The Soham murders raised serious questions about the system used to vet people working in schools.

The checking process has undergone a major overhaul since Ian Huntley was appointed caretaker of Soham Village College in November 2001 despite a rape charge three years earlier.

But loopholes still exist that could allow someone with his background to be employed in the education system.

Bev Curtis, a director of Educational Personnel Management, the firm employed by Cambridgeshire County Council to administer checks on staff, said the Home Office had to address the issue of how "soft intelligence" about school staff could be used.

The "soft intelligence" on Huntley was such that Soham Village College principal Howard Gilbert said: "It is so extreme that any head would have said goodbye. You couldn't have anybody with that background."

When Huntley started at the Cambridgeshire secondary school, all teachers and support staff had to undergo a double clearance before they could work with or near youngsters.

Their names first had to be checked against List 99, the secret Department for Education dossier of people convicted or suspected of child abuse.

They also had to have their criminal records scrutinised, a process that could take some time as they may have worked in several different police force areas, which all had to be contacted.

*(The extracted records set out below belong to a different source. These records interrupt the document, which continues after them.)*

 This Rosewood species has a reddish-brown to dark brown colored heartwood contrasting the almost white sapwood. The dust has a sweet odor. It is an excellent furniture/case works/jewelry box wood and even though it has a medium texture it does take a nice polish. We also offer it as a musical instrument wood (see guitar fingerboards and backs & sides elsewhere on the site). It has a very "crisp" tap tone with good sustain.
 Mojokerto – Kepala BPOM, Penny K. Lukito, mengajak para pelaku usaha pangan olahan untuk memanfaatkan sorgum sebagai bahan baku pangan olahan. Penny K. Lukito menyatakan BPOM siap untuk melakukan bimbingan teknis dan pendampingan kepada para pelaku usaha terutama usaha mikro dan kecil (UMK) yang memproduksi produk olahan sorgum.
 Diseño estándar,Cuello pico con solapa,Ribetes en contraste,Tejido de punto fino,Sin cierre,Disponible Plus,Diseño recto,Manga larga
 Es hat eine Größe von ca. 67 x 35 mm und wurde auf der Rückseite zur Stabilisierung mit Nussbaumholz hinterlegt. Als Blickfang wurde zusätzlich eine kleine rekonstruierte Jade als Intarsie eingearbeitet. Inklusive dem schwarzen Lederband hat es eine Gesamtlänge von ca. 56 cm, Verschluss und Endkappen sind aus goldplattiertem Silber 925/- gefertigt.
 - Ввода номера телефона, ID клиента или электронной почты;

Neither check ensured that an employer would find out about Huntley's background.

List 99 only included details of child abuse crimes or allegations from those working in the education system at the time, which ruled out Huntley who was not a caretaker when he was accused of rape.

Local authorities could also write directly to police forces to check for any other relevant information - such as dropped charges or cautions - but it would be left to the discretion of senior police officers to decide what to release.

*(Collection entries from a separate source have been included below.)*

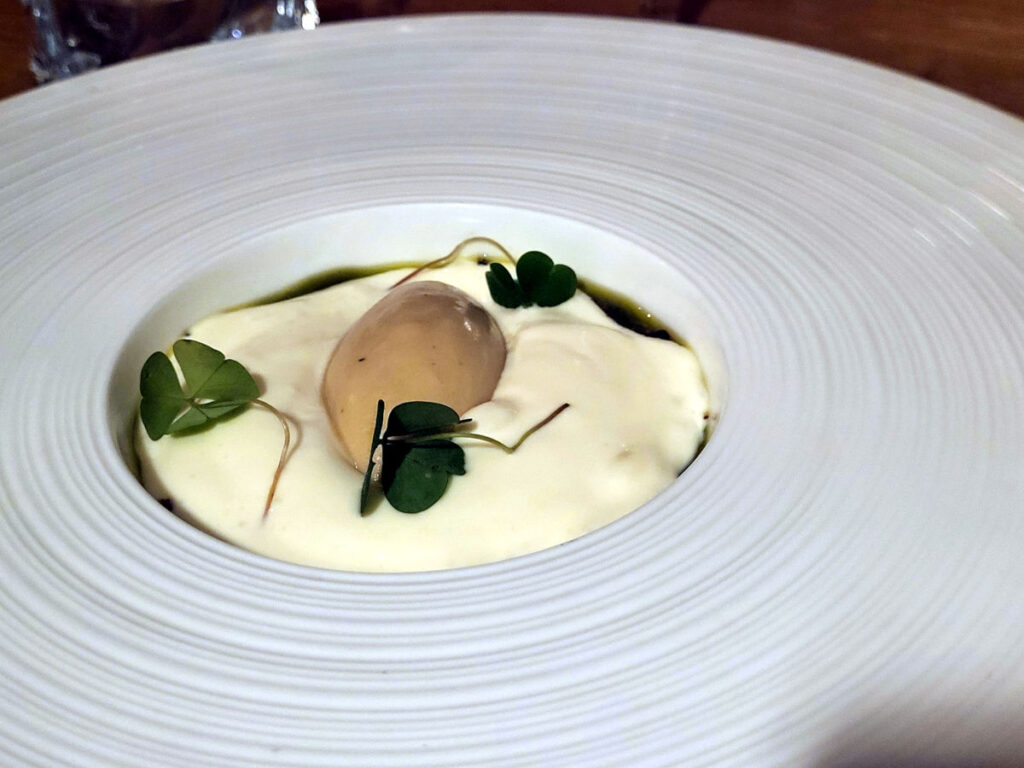 Nu gik vi fra de helt store skåle og til de små. Den næste servering bestod nemlig af små stykker blæksprutte i en muslingesauce med blandt andet miso og koriander. Jeg er stødt på denne type ret (fisk eller skaldyr i muslingesauce/skaldyrsskum) flere gange de senere år, og jeg synes, at det er en meget fin måde at lave en simpel og elegant fiske-/skaldyrsservering, som er let at anrette.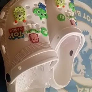 Warna putih yang sederhana ditambah hiasan kartun, cocok untuk dipakai sehari-hari atau dipasangkan sebagai pasangan.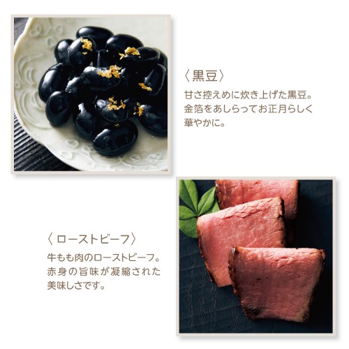 おせちには海老や数の子、お煮しめ、ローストビーフや黒豆といった定番食材のほか、お子さんが喜ぶメニューもたっぷり。

In an attempt to tighten the vetting process - and speed it up - the Government launched the Criminal Records Bureau, a "one-stop shop" for both List 99 and criminal record checks.

There are now two levels of checks: Standard,

which shows all prior convictions, and Enhanced, which includes all convictions, cautions, reprimands, warnings and - crucially - dropped charges.

All teachers have to undergo an enhanced check, in which they must provide four pieces of identification to ensure the system picks up all previous identities.

A Home Office spokesman said: "It is very comprehensive. The enhanced check is incredibly detailed. Every single thing that you need to find out about an individual is there."

But it is not compulsory for local authorities to run the enhanced check on caretakers, meaning that someone like Huntley with a previous charge of rape against them could still get a job working in a school.

Mr Curtis said: "It is a matter for the police what soft intelligence they disclose to us.

"Had the soft intelligence we now know exists on Huntley been made available to us, technically we would not have been allowed to use it to dismiss him. That's the problem.

"This is something that the Home Office has got to deal with. There is a real dichotomy here between data protection and human rights and child protection."

Mr Gilbert said: "The short answer is that had I known then what I know now about Huntley, he would have gone straightway. If that information had been available, I would never have taken a risk.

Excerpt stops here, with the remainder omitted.